=== Begin Enclosure ===

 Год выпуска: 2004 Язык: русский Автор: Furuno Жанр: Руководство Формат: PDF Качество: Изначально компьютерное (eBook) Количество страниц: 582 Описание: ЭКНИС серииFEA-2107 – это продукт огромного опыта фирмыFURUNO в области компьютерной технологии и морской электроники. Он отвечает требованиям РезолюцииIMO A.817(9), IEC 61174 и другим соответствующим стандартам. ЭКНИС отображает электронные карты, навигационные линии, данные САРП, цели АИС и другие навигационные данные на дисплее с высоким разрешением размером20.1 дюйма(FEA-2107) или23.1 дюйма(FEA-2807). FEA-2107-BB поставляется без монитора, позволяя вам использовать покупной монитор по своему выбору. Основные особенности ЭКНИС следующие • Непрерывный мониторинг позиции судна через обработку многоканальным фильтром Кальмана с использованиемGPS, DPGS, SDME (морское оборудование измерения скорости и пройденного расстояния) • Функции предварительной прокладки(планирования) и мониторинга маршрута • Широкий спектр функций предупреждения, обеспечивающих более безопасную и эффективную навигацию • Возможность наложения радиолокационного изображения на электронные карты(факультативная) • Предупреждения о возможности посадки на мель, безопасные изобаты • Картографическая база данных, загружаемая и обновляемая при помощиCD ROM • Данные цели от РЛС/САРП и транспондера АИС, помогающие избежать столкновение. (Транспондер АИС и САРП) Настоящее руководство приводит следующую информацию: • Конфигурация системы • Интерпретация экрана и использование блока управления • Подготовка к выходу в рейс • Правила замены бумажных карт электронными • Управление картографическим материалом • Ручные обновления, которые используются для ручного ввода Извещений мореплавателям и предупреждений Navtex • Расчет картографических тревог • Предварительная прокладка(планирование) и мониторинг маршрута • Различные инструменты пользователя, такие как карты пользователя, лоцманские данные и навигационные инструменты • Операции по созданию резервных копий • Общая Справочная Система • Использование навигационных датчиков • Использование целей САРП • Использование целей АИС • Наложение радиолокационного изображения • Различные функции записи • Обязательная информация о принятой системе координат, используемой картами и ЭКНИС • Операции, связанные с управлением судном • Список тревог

=== End Enclosure ===
=== Begin Enclosure ===

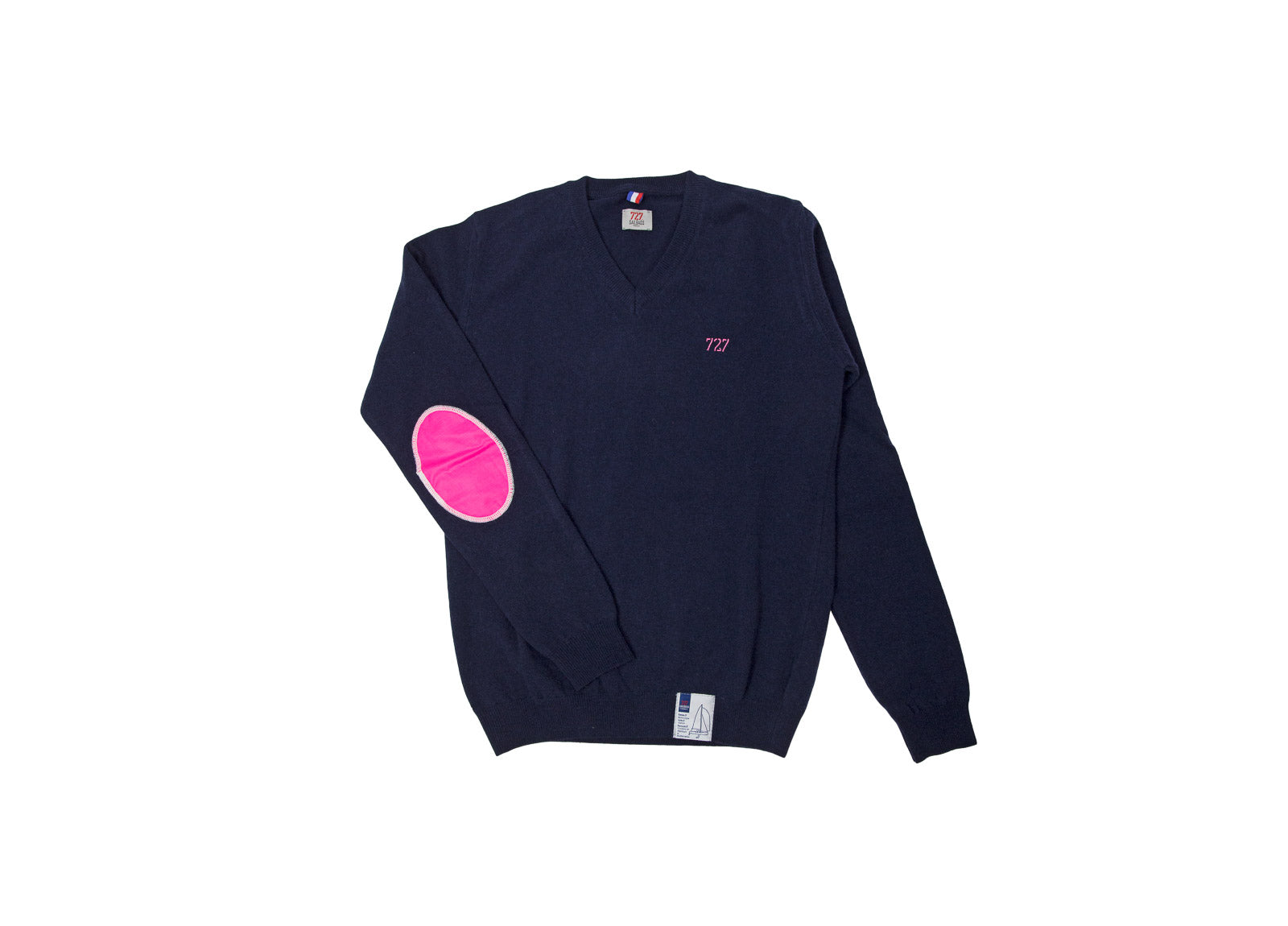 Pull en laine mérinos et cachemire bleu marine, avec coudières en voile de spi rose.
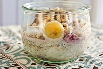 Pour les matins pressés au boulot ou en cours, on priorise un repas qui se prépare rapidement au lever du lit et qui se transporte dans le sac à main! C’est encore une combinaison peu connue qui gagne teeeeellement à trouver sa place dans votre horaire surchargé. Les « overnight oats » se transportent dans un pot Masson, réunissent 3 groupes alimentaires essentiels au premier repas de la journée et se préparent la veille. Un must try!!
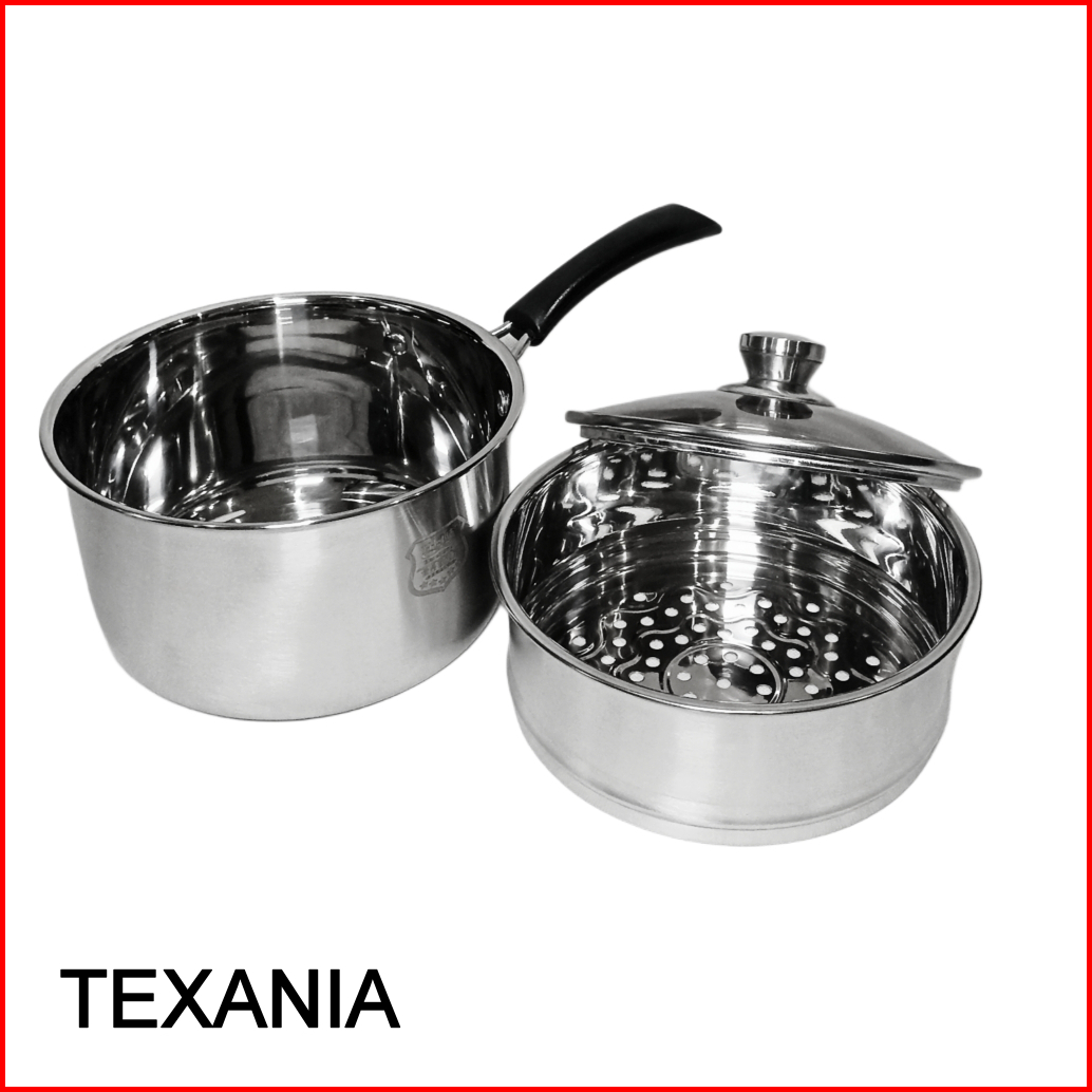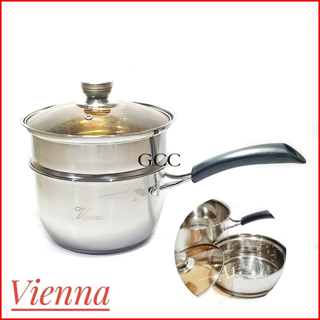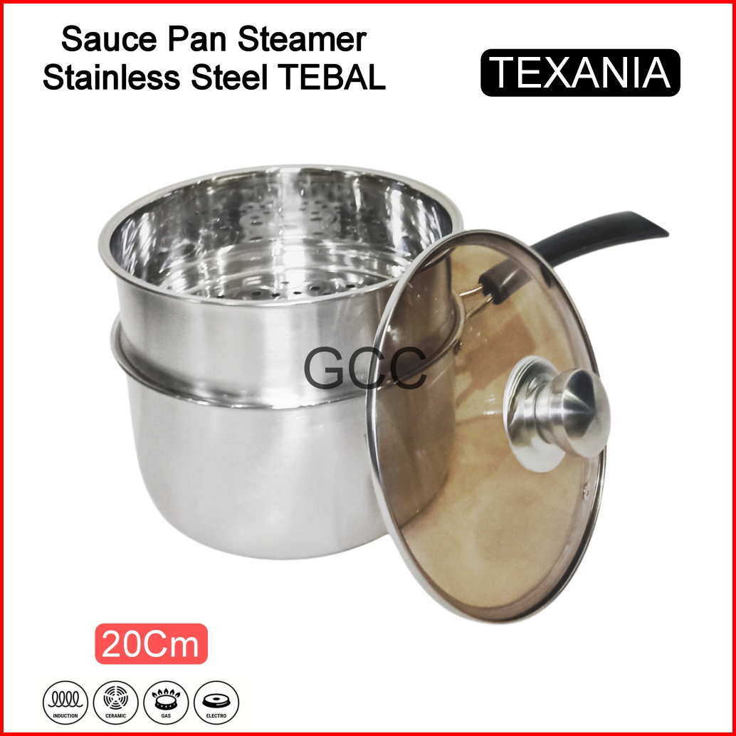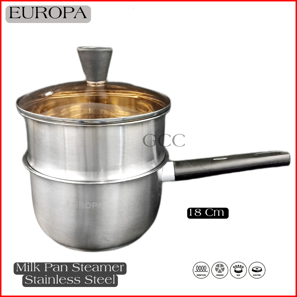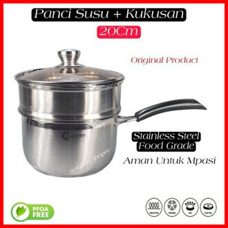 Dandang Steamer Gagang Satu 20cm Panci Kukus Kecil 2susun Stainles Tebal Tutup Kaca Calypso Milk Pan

=== End Enclosure ===
=== Begin Enclosure ===

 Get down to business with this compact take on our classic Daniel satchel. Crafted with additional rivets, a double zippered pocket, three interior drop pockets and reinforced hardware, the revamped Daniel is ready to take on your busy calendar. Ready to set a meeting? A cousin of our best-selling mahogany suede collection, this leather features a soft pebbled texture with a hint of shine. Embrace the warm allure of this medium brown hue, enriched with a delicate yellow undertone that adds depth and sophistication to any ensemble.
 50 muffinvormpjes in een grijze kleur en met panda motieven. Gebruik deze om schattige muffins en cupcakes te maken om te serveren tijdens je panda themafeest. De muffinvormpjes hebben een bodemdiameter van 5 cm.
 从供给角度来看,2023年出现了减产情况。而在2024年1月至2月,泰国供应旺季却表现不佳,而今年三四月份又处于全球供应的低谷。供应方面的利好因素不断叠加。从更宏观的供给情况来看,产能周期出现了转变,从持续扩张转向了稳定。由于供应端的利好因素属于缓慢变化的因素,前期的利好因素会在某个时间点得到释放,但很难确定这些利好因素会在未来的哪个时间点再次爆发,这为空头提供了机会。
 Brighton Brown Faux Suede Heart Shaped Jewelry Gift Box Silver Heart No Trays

=== End Enclosure ===

Problem description> A clean copy is needed of the lines in the listing above from the one with "Pour les matins" through the one with "Dandang Steamer Gagang", exact in every word and free of pictures.

Exercise output>
 Pour les matins pressés au boulot ou en cours, on priorise un repas qui se prépare rapidement au lever du lit et qui se transporte dans le sac à main! C’est encore une combinaison peu connue qui gagne teeeeellement à trouver sa place dans votre horaire surchargé. Les « overnight oats » se transportent dans un pot Masson, réunissent 3 groupes alimentaires essentiels au premier repas de la journée et se préparent la veille. Un must try!!
 Dandang Steamer Gagang Satu 20cm Panci Kukus Kecil 2susun Stainles Tebal Tutup Kaca Calypso Milk Pan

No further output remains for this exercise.